# Experience with EMDR in marriage counseling?



## Dadof3greatkids (Jul 23, 2012)

Has anyone had any positive or negative experiences with a spouse that is full of anger and resentment undergoing EMDR ("Eye movement desensitization and reprocessing")?

We are about 1.5 months into marriage counseling. We have gone before and this ultimately resulted in me making a lot of positive changes to myself as a man, father and husband. My wife both acknowledges the positive changes, but blows up and (to her credit) acknowledges that her reactions to me when I slip up can be too extreme.

We have gone as a couple 3 times. The first session was fine and positive. The second involved a lot of airing the issues of our past. Last night our therapist, after 3-4 individual sessions with my wife, said that my wife and I should undergo individual EMDR to deal with our past issues. The counselor said that my wife has a lot of anger about the verbal abuse she felt she received in the past and EMDR may help it let it go.

Any thoughts?


----------



## diwali123 (Feb 17, 2012)

verbal abuse she felt she received in the past and EMDR may help it let it go.

So you don't believe that it was abuse? That could he a huge part of the problem. Even if you didn't mean to word it that way it's very telling. 

I did EDMR in IC. I did think it helped me to work through some trauma. It might help her to not react so negatively when you do slip up but if deep down you aren't taking ownership she is still going to be angry.
_Posted via Mobile Device_


----------



## Matt1720 (May 7, 2012)

the few articles i've read on EMDR for anger/PTSD have mentioned generally positive results.


----------



## Dadof3greatkids (Jul 23, 2012)

diwali123 said:


> verbal abuse she felt she received in the past and EMDR may help it let it go.
> 
> So you don't believe that it was abuse? That could he a huge part of the problem. Even if you didn't mean to word it that way it's very telling.
> 
> ...


Your point about acknowledging past wrongs is very valid. I admittedly get defensive about being labelled an "abuser." Our previous counselor stated that we both verbally abused each other. In our previous sessions over several months, I was very clear about how I verbally abused my wife. Much of it involved calling her "frigid" or a "robot" after fights about her lack of physical affection. My wife grew up with a mother who was extremely and constantly critical and did not show her husband or children physical affection. So after many attempts of telling her year after year that I would really like her to show more physical affection (e.g., simple things like reaching out and taking my hand while sitting on the couch), I became extremely frustrated. This frustration would often manifest itself in other forms and I would say admittedly counter-productive and hurtful statements above and, especially when she was critical of me, compare her to her mother. Yes, this was abusive and had the opposite effect of what I was seeking - closeness and affection.

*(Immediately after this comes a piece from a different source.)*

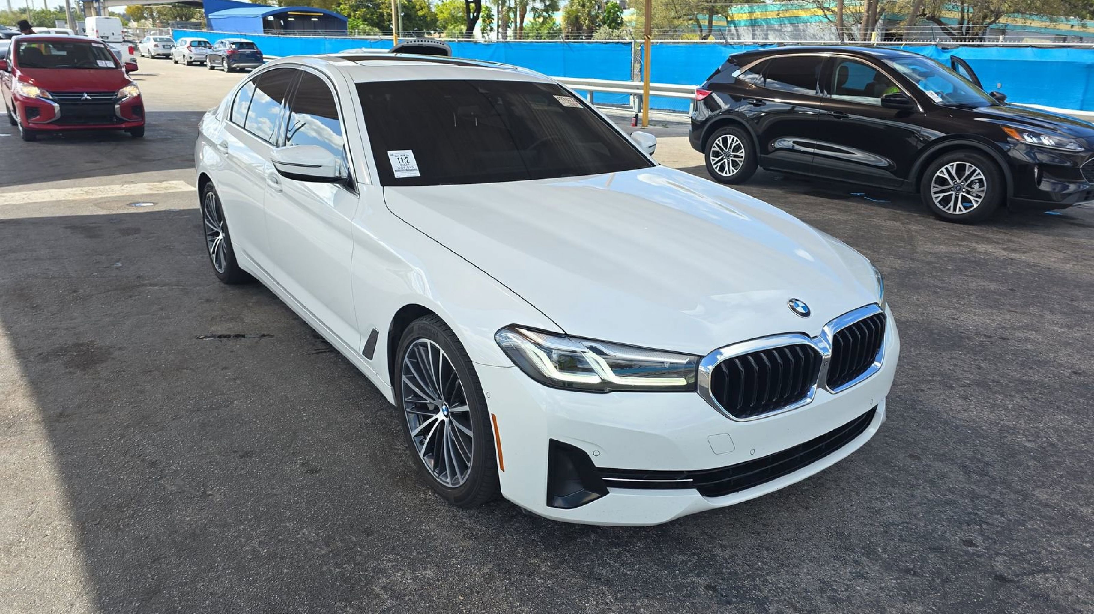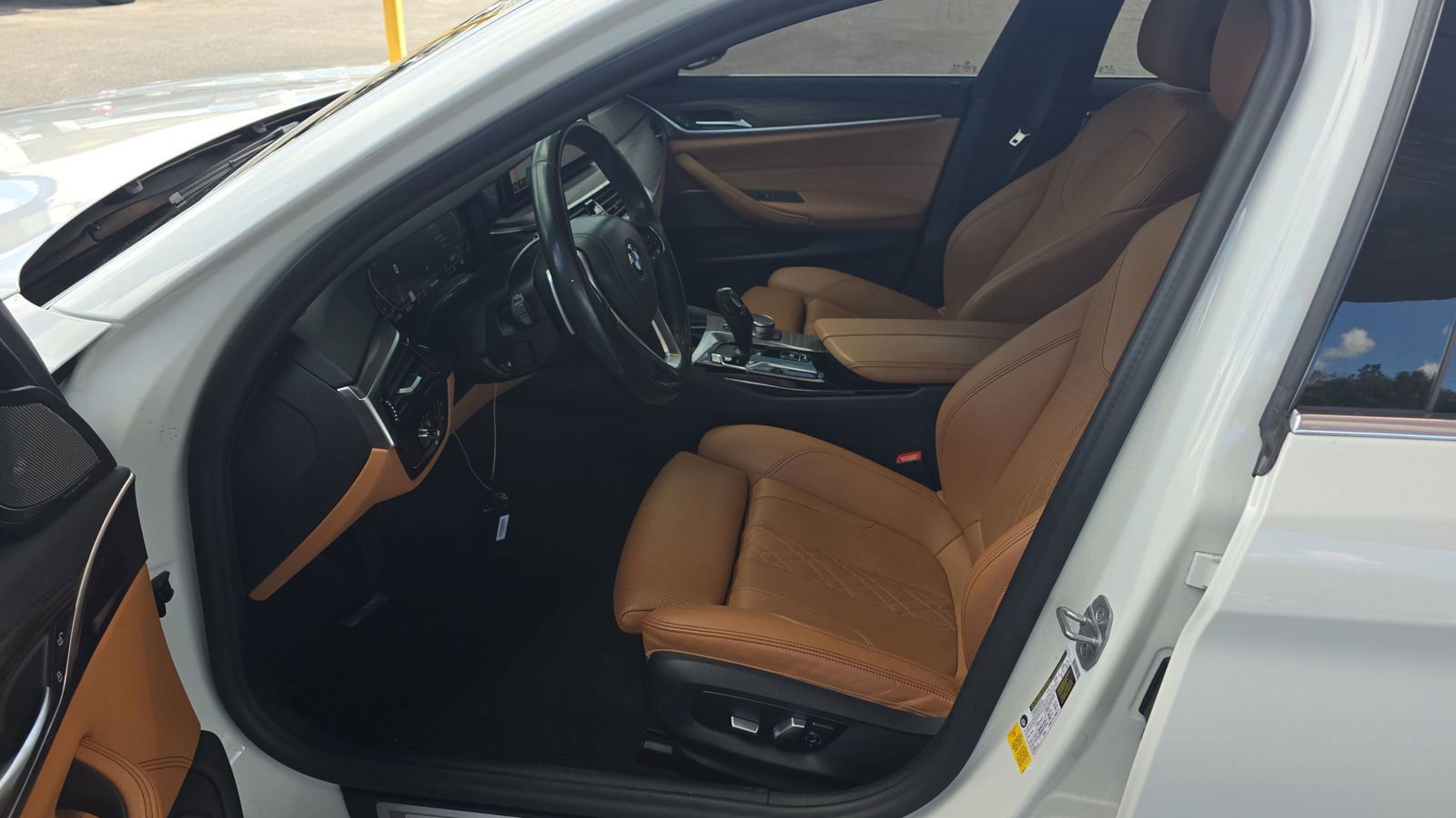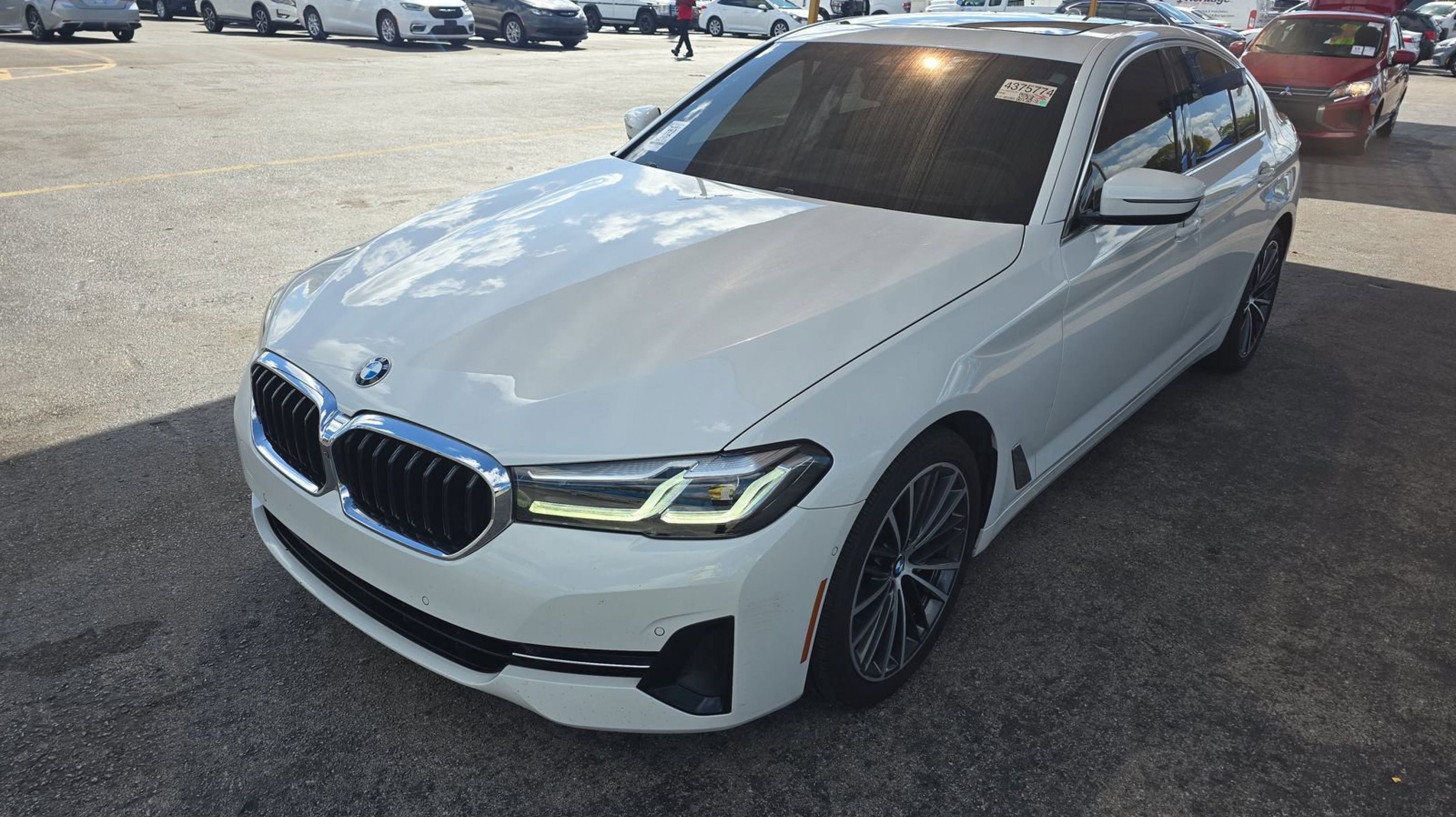 Alpine White 2021 BMW 5 Series 530i RWD 8-Speed Automatic Sport 2.0L 4-Cylinder Cognac w/Perforated Sensatec Upholstery, Connected Package Pro, 12 Speakers, 4-Wheel Disc Brakes, ABS brakes, Active Park Distance Control, Air Conditioning, Alloy wheels, AM/FM radio: SiriusXM with 360L, Apple CarPlay & Android Auto Compatibility, Auto High-beam Headlights, Auto tilt-away steering wheel, Auto-dimming door mirrors, Auto-dimming Rear-View mirror, Automatic temperature control, BMW Assist eCall, BMW TeleServices, Brake assist, Bumpers: body-color, ConnectedDrive Services, Delay-off headlights, Drive Recorder, Driver door bin, Driver vanity mirror, Dual front impact airbags, Dual front side impact airbags, Electronic Stability Control, Emergency communication system: BMW Assist eCall, Enhanced USB & Bluetooth, Enhanced USB & Bluetooth (ZEB), Exterior Parking Camera Rear, Four wheel independent suspension, Front anti-roll bar, Front Bucket Seats, Front Center Armrest, Front dual zone A/C, Front reading lights, Fully automatic headlights, Garage door transmitter, Genuine wood console insert, Genuine wood dashboard insert, Genuine wood door panel insert, Gesture Control, harman/kardon Surround Sound System, Head-Up Display, Heated door mirrors, Heated Front Seats, Hi-Fi Sound System, Illuminated entry, Leather Shift Knob, Leather steering wheel, Live Cockpit Pro w/Navi, Low tire pressure warning, Lumbar Support, Memory seat, Navigation System, Occupant sensing airbag, Outside temperature display, Overhead airbag, Panic alarm, PANORAMA SUNROOF, Parking Assistant Plus, Passenger door bin, Passenger vanity mirror, Perforated Sensatec Upholstery, Power door mirrors, Power driver seat, Power Front Seats, Power passenger seat, Power steering, Power Tailgate, Power windows, Radio data system, Radio: AM/FM Audio System, Rain sensing wipers, Rear anti-roll bar, Rear reading lights, Rear seat center armrest, Rear window defroster, Rear-View Camera, Remote Engine Start, Remote keyless entry, Security system, SiriusXM w/360L, Speed control, Speed-sensing steering, Speed-Sensitive Wipers, Split folding rear seat, Sport Seats, Sport steering wheel, Steering wheel memory, Steering wheel mounted audio controls, Surround View w/3D View, Tachometer, Telescoping steering wheel, Tilt steering wheel, Traction control, Trip computer, Turn signal indicator mirrors, Variably intermittent wipers, Wheels: 18 x 8 W-Spoke Reflex Silver, Wheels: 19 x 8 V-Spoke Burnished Orbit Grey, WiFi Hotspot, Wireless Charging, Cognac w/Perforated Sensatec Upholstery, Connected Package Pro.

So I have changed - a lot, both in word and action. My wife acknowledges my changes. Still she says she "Just can't let it go" (the years of hurt and abuse). She's still unable to initiate physical affection (like reaching out and holding my hand), but on most days is receptive to my holding her hand and to me initiating sex. 

I say most days, because she has been diagnosed with depression. When she is feeling depressed and discussions about my needs come up (like in counseling), she locks up and says she's "just not sure she has those feelings for me." 

Our counselor has suggested to her that those feelings are "clouded" by past hurts by me and "her family of origin." So he has recommended EMDR.

I definitely have my own issues, on which I'm working. When I first posted this message, my wife was the only one who was going to engage in EMDR. That dynamic caused a lot of conflict because my wife stated that she was not confident I would not relapse into my "old self." However, after reading more about it and as a showing of a commitment to heal with my wife and work on my own issues, I have agreed to undergo my own EMDR treatments (in separate sessions, not in front of each other...). 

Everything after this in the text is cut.